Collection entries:
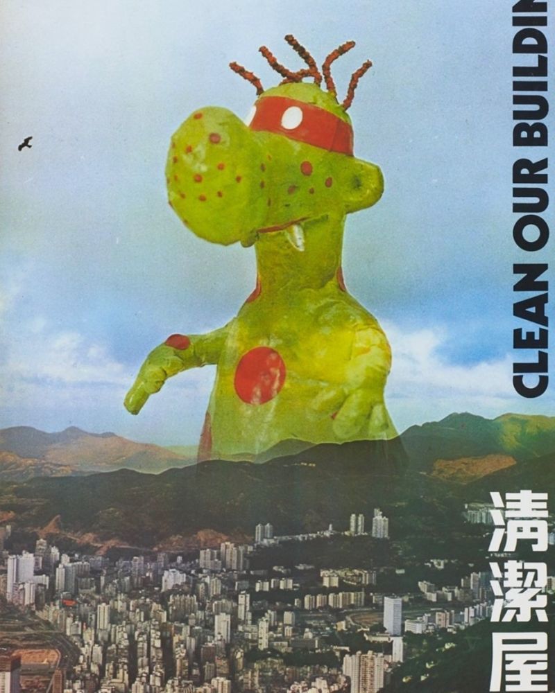 A green dragon with orange spikes dressed up in a pair of hardy denim overalls, Ah Tak’s design echoes Hacker’s past composition, but with updated elements. The name itself shows colloquial Cantonese wordplay, meaning something along the lines of “the righteous one,” whilst also being worked into the pun asserting that “everyone can keep Hong Kong clean” (清潔香港人人都德; ching1 git3 heung1 gong2 yan4 yan4 dou1 dak1).
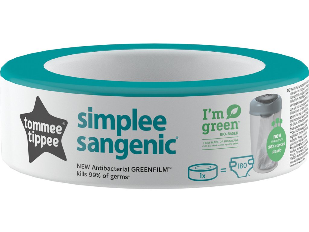 Náhradní kazety s antibakteriální fólií do koše Tommee Tippee Sangenic Simplee nabízí jednoduchý způsob, jak udržet v dětském pokoji čistotu bez zápachu. Antibakteriální složka fólie zničí 99% baktérií. Kapacita jedné kazety je až 180 plen (vel. 2–5kg).
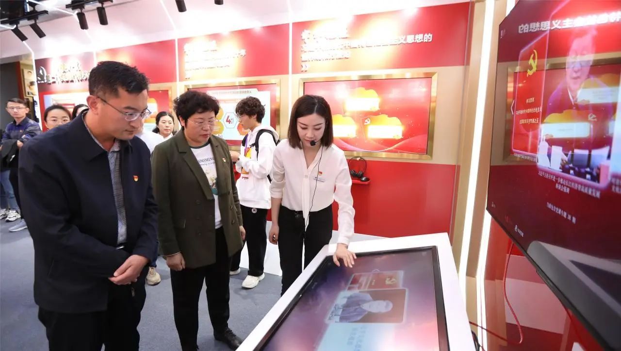 在“党的二十大精神学习教育厅”,通过人民网智慧党建内容服务云平台和电子触摸屏,大家体验了沉浸式、互动式的学习。
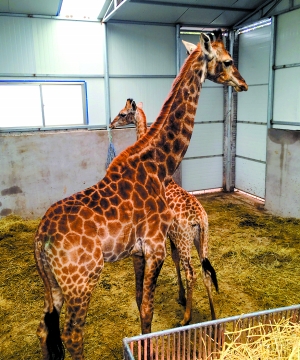 為了防止長頸鹿寶寶因公路喇叭等噪音而出現(xiàn)驚嚇,在出發(fā)前幾天,工作人員就不時在長頸鹿居住的地方開拖拉機、按喇叭,讓長頸鹿慢慢適應(yīng)。長頸鹿敏感、膽小,運輸前,飼養(yǎng)員會將運輸籠放到獸舍門口,里面放飼料,長頸鹿就會逐漸習慣運輸籠的存在。
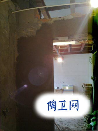 這里是新砌起來的衛生間入口,冰箱處的樣子,瓦工葉師傅的手藝看上去不錯的。
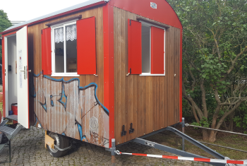 Erst heute Vormittag ist der Bauwagen vom Gelände der Kirchengemeinde hierher gebracht worden, wo er nun 6 Wochen stehen soll. Er wurde mit Fördermitteln des Senats 2019 angeschafft und soll dazu dienen, auch bei schlechterem Wetter zum Kaffee einzuladen. Aber es hat sich gezeigt, dass dann nur sehr wenige den Schritt über die Schwelle wagen.
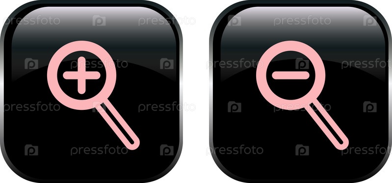 Две черные кнопки с розовыми значками луп для приближения и удаления изображений

### The task
Transcribe each record exactly as it stands, setting aside any pictures.

### Response for this exercise
 A green dragon with orange spikes dressed up in a pair of hardy denim overalls, Ah Tak’s design echoes Hacker’s past composition, but with updated elements. The name itself shows colloquial Cantonese wordplay, meaning something along the lines of “the righteous one,” whilst also being worked into the pun asserting that “everyone can keep Hong Kong clean” (清潔香港人人都德; ching1 git3 heung1 gong2 yan4 yan4 dou1 dak1).
 Náhradní kazety s antibakteriální fólií do koše Tommee Tippee Sangenic Simplee nabízí jednoduchý způsob, jak udržet v dětském pokoji čistotu bez zápachu. Antibakteriální složka fólie zničí 99% baktérií. Kapacita jedné kazety je až 180 plen (vel. 2–5kg).
 在“党的二十大精神学习教育厅”,通过人民网智慧党建内容服务云平台和电子触摸屏,大家体验了沉浸式、互动式的学习。
 為了防止長頸鹿寶寶因公路喇叭等噪音而出現(xiàn)驚嚇,在出發(fā)前幾天,工作人員就不時在長頸鹿居住的地方開拖拉機、按喇叭,讓長頸鹿慢慢適應(yīng)。長頸鹿敏感、膽小,運輸前,飼養(yǎng)員會將運輸籠放到獸舍門口,里面放飼料,長頸鹿就會逐漸習慣運輸籠的存在。
 這里是新砌起來的衛生間入口,冰箱處的樣子,瓦工葉師傅的手藝看上去不錯的。
 Erst heute Vormittag ist der Bauwagen vom Gelände der Kirchengemeinde hierher gebracht worden, wo er nun 6 Wochen stehen soll. Er wurde mit Fördermitteln des Senats 2019 angeschafft und soll dazu dienen, auch bei schlechterem Wetter zum Kaffee einzuladen. Aber es hat sich gezeigt, dass dann nur sehr wenige den Schritt über die Schwelle wagen.
 Две черные кнопки с розовыми значками луп для приближения и удаления изображений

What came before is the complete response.